Agentic AI Skills Marketplace Risk

Abhishek Verma
May 28, 2026

TL;DR

Agentic skills from marketplaces are executable capability bundles, not passive extensions. Treating popularity, publisher name, or marketplace presence as a trust signal is unsafe.

The real risk is not that a malicious skill exists. The risk is that a popular, installable, marketplace-distributed skill can quietly become part of an agent’s execution path before anyone treats it like software supply chain code.

Why This Matters

Agentic skills are not the same as browser extensions, documentation snippets, or templates. They can give an AI agent access to tools, commands, files, credentials, network destinations, and downstream systems. OWASP describes this class of risk as agency granted through tools, skills, plugins, or extensions, where damaging actions can occur because of excessive functionality, permissions, or autonomy.

This is also a supply-chain problem. OWASP’s LLM Top 10 identifies supply chain vulnerabilities as compromised components, services, or datasets that can undermine system integrity and cause breaches or failures.

The concern becomes sharper in agentic ecosystems such as MCP-style tool integration. Anthropic notes that MCP is becoming a common standard for connecting agents to external systems, and that developers may connect agents to hundreds or thousands of tools across many servers. That scale turns skills marketplace vetting from “nice to have” into a runtime safety requirement.

What the Data Shows

Popularity is not a safety signal

Our research found a substantial number of skills with a combined marketplace popularity signal running into millions of stars. The median malicious skill had 2,200 stars, and the most popular malicious skill had 361,300 stars.

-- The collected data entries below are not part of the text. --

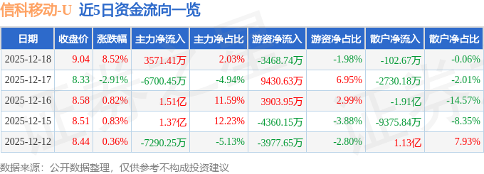 证券之星消息,截至2025年12月18日收盘,信科移动(688387)报收于9.04元,上涨8.52%,换手率9.85%,成交量198.55万手,成交额17.56亿元。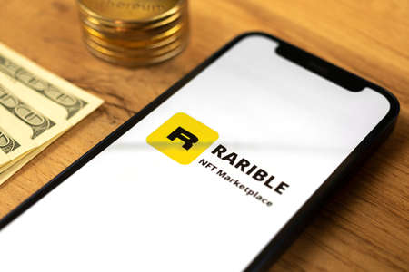 Kharkov, Ukraine - December 20, 2021: Rarible NFT marketplace open on mobile phone screen photo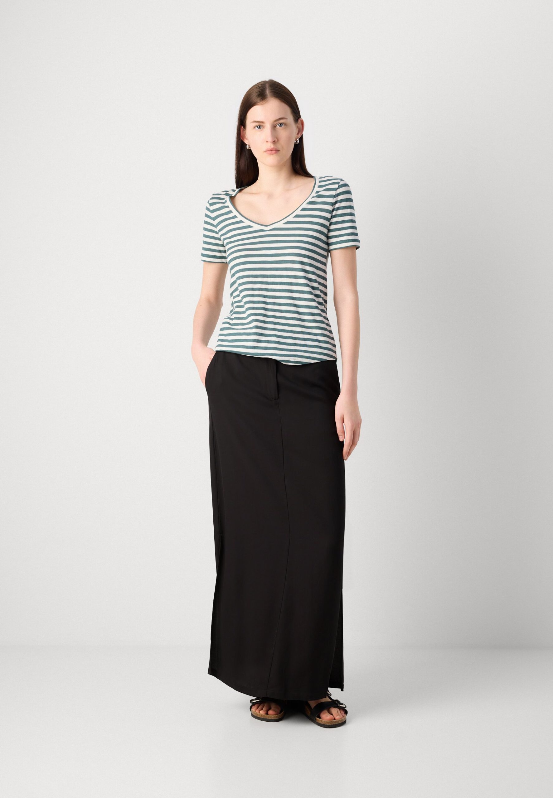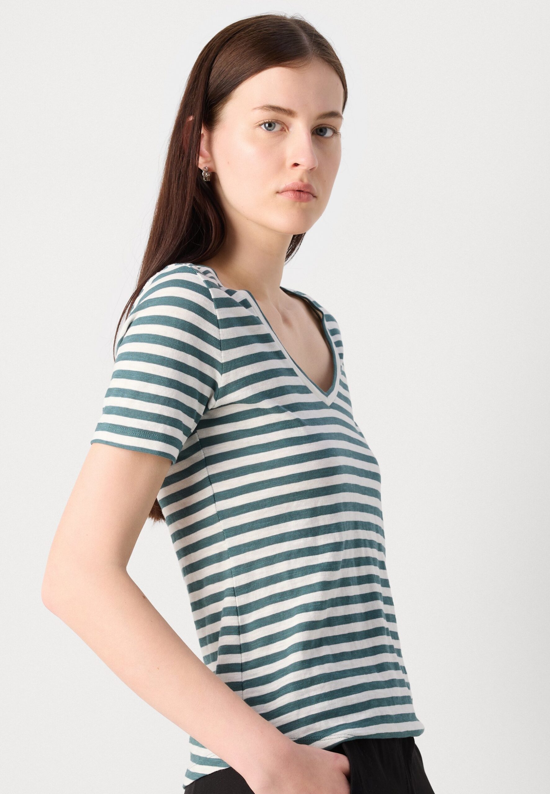 SHORT SLEEVE V NECK STRIPED – Print T-shirt – summer pine
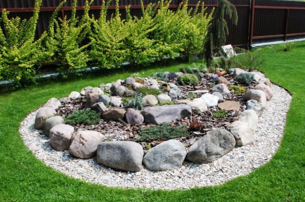 Оригинальные клумбы с камнями преобразят внешний вид дачи.

This shows us that high-popularity skills can still carry command execution, data exfiltration, credential access, persistence, evasion, or malicious-package indicators.

The riskiest categories are capability categories
Category Flagged Rate
Command Execution 3.2%
Sensitive Context 4.5%
Internet Downloads 7.4%
Credential Access 5.9%
Data Exfiltration 3.9%
Persistence 5.8%
Obfuscation 10.5%
Install New NPM Packages 9.1%
Command and Control 31.7%

The strongest risk signal is not any single category. It is category overlap. Skills combining command execution with internet downloads had a 12.6% flagged rate. Skills combining command execution with persistence had a 10.1% flagged rate. Skills combining data exfiltration with credential access had a 10.9% flagged rate.

Publisher trust is not enough

The scan observed 243 publishers with at least one flagged skill and 14 publishers with at least one malicious skill. Nearly half of all flagged skills came from the top 10 flagged publishers.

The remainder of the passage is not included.